Whatever the motives behind Shambaugh’s nirvana, there is no denying that China is facing myriad daunting challenges. China is sick — but so is every other country in the world, though each country is sick with different symptoms, for different reasons, and of different degrees. Take the United State as an example. The world’s oldest democracy may also strike one as terminally ill: appalling inequality, dilapidated infrastructure, declining public education, astronomical deficits, rising political apathy, and a government that can hardly get anything done. In his bestseller Political Order and Political Decay, Francis Fukuyama described the American body politic as being repatrimonialized, ruled by courts and political parties, and gridlocked by too many veto points. Across the Atlantic, many European democracies are facing similar problems, particularly financial insolvency. Yet nobody has declared the coming collapse of American democracy or European democracy. Why?

Because many Western analysts (dating back at least to Seymour Martin Lipset) subscribe to the view that as long as political institutions are viewed as legitimate, a crisis in effectiveness (e.g., economic performance) does not pose fatal threat to a regime. Thus even in the darkest days of the Great Depression, according to this view, America’s democratic institutions remained unchallenged. By contrast, if a regime is already deficient in political legitimacy, a crisis of effectiveness (such as an economic slowdown, rising inequality, or rampant corruption) would only exacerbate the legitimacy crisis. China is widely believed to be a prominent case that fits into this line argument.

China might be facing a performance crisis, but whether it is also facing a legitimacy crisis is debatable. Beauty is in the eyes of beholder; so is legitimacy. If the Chinese party-state could survive the riotous years of the Cultural Revolution and the existential crisis of 1989, why couldn’t it manage to survival another crisis? In fact, a more important question for Western observers is why the Chinese Communist Party has managed to stay in power for so long and to produce an indisputably impressive record of economic development.

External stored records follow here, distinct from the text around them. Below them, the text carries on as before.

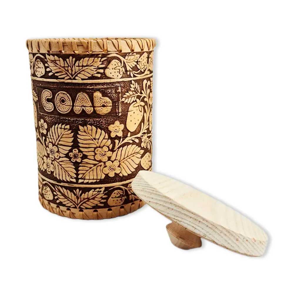 birch bark products tuesok Birch for salt, 13 x 10 cm. Bereshina tusk for salt is beautiful, it is original. It is made of natural wood, decorated with pretty patterns and inscriptions scorched on Bereste. Tusk's cap is tightly closed, which contributes to the safety of the product, which is located in it. When there are such cute little things in the kitchen, even the food seems much delicious. Also, you can buy the same tuski for sugar and tea.Похожие товары: $12.40
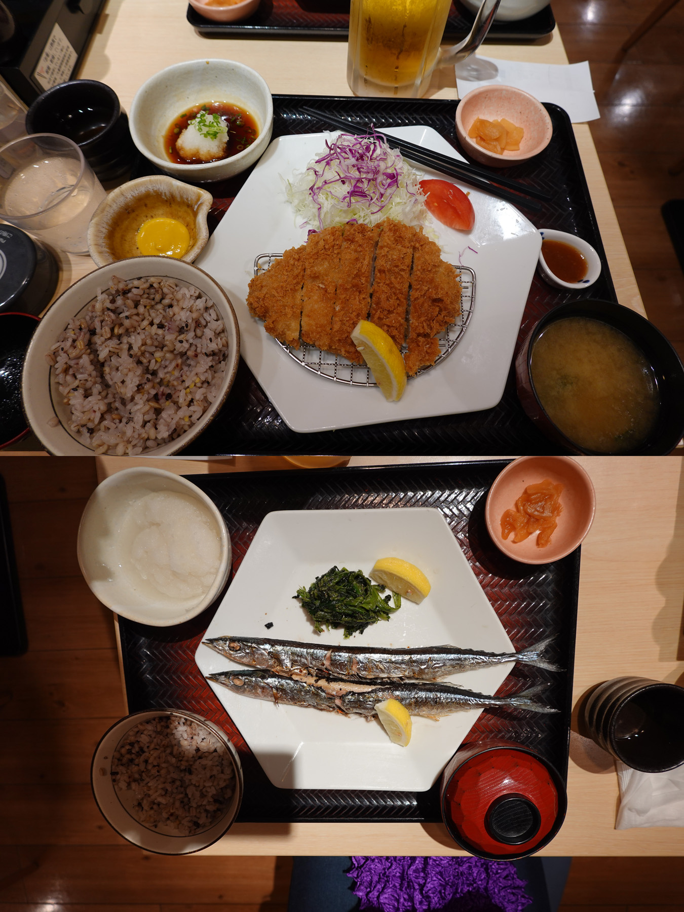 ![]() 夕食を食べに出掛けたが、居酒屋はあるものの食事ができるレストランはあまりない。結局、ホテルの1階に入っている大戸屋で、私はロースかつ定食、家内はさんまの炭火焼定食を食べました。 |
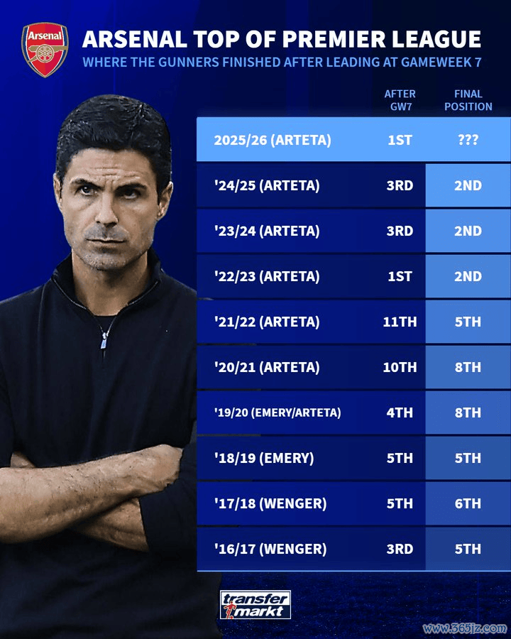虎扑10月05日讯2025/26赛季英超第7轮战罢后,阿森纳在主帅阿尔特塔的指示下暂居积分榜首位。这也曾是枪手近几个赛季屡次在赛季初登顶,但最终能否守住榜首依然充满悬念。
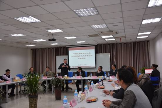 林政豐一行與大潤發華北區總經理吳春相等人座談交流(濟南臺辦供圖)
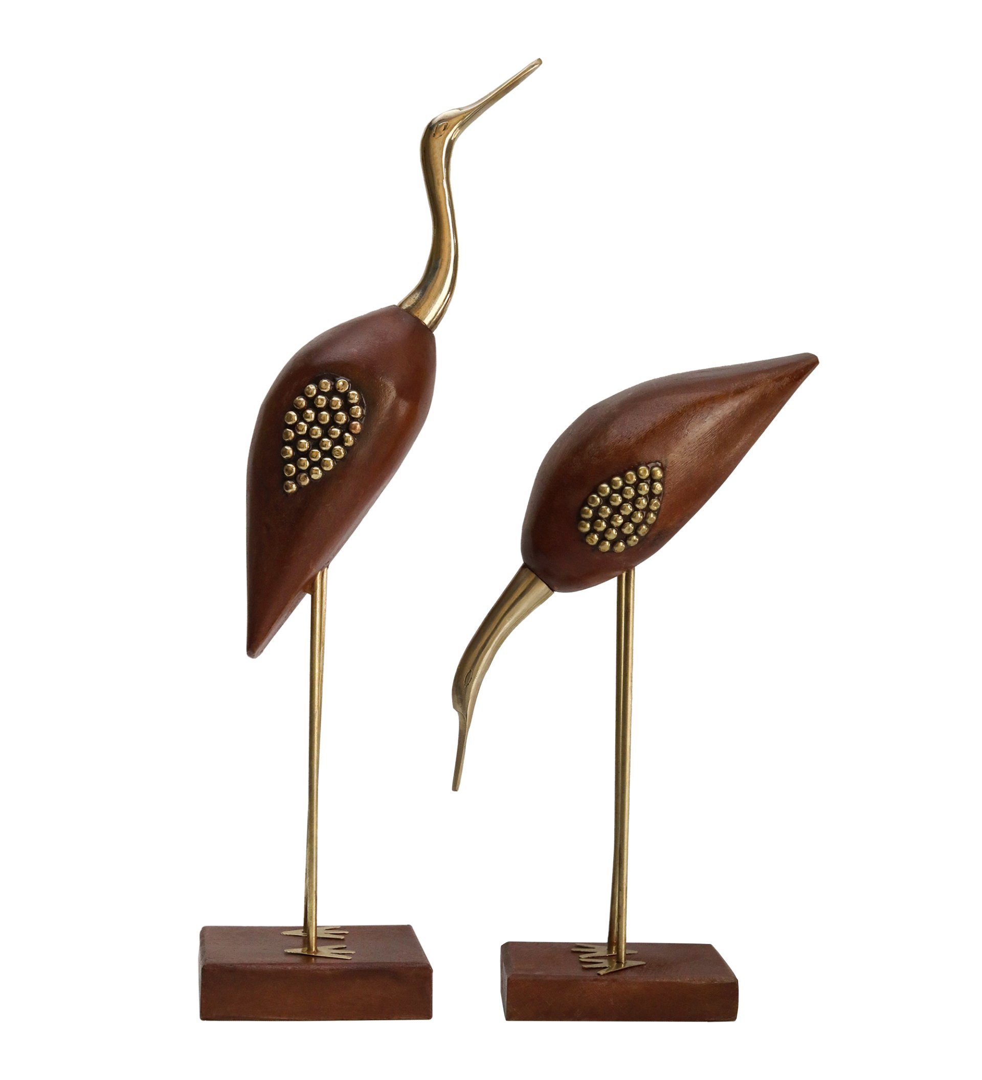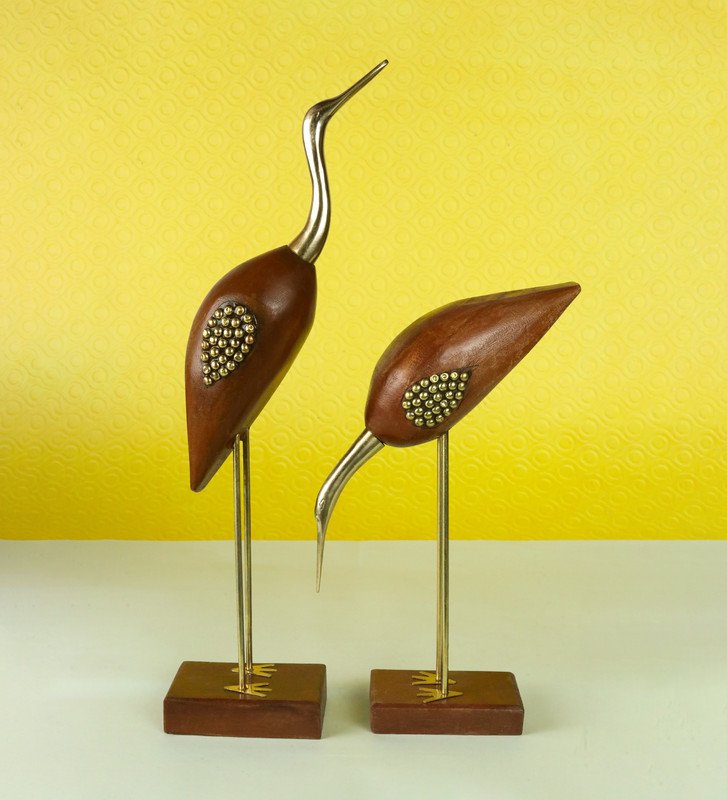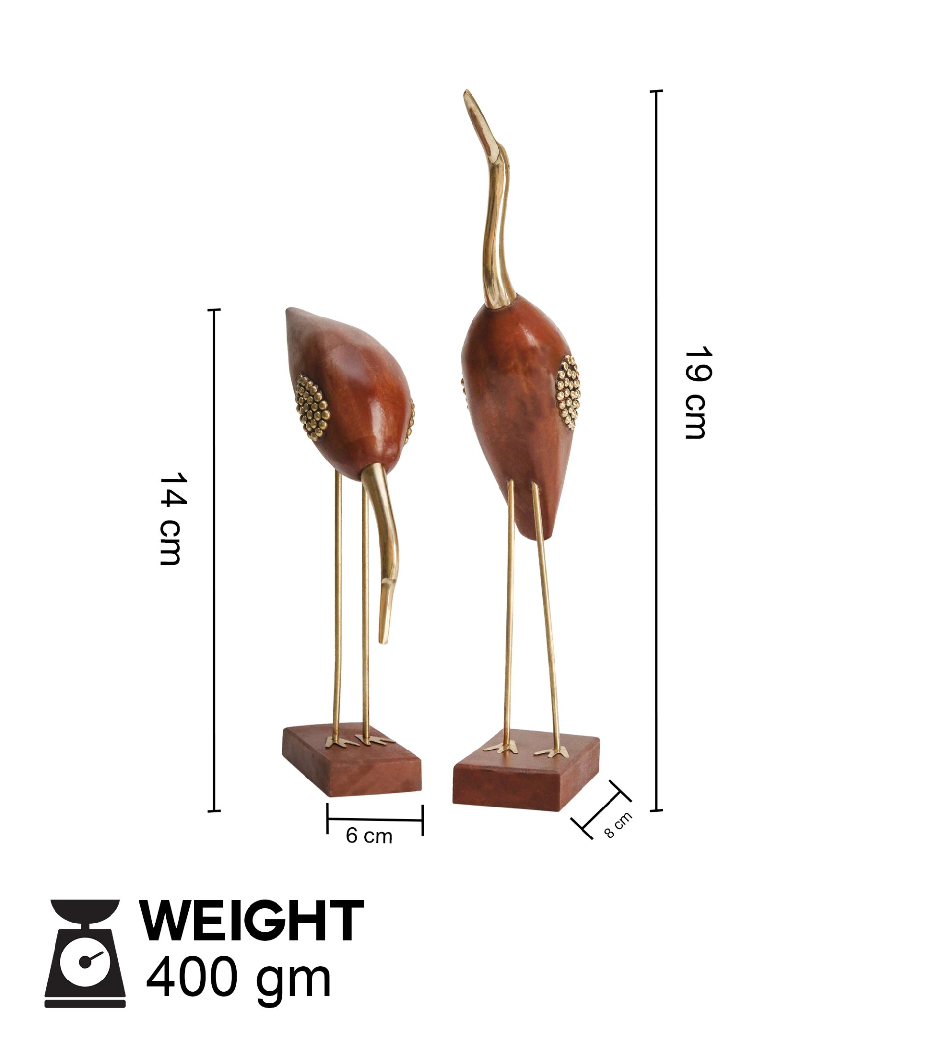 Wooden and Brass, Antique Decorative Crane Love Birds Showpiece Home Decor - Set of 2

In 2003, Andrew Nathan from Columbia University put forward a theory of authoritarian resilience to explain why the Chinese Communist Party didn’t follow in the steps of the former Soviet Union. In a January 2015 article, he argued that instead of showing signs of an embattled regime, Beijing is actually on a path of authoritarian resurgence, supporting similar regimes and seeking to roll back democratic changes both at home and abroad. One of his central messages is that authoritarian resurgence reflects democratic decline. “Because the appeal of authoritarianism grows when the prestige of democracy declines,” he wrote, “the most important answer to China’s challenge is for the democracies to do a better job of managing themselves than they are doing today.”

“All societies, authoritarian and democratic, are subject to decay over time,” wrote Francis Fukuyama. “The real issue is their ability to adapt and eventually fix themselves.” The Chinese party-state is certainly undergoing policy decay — just like most Western democracies — but it is too early to call the Chinese patient terminally ill.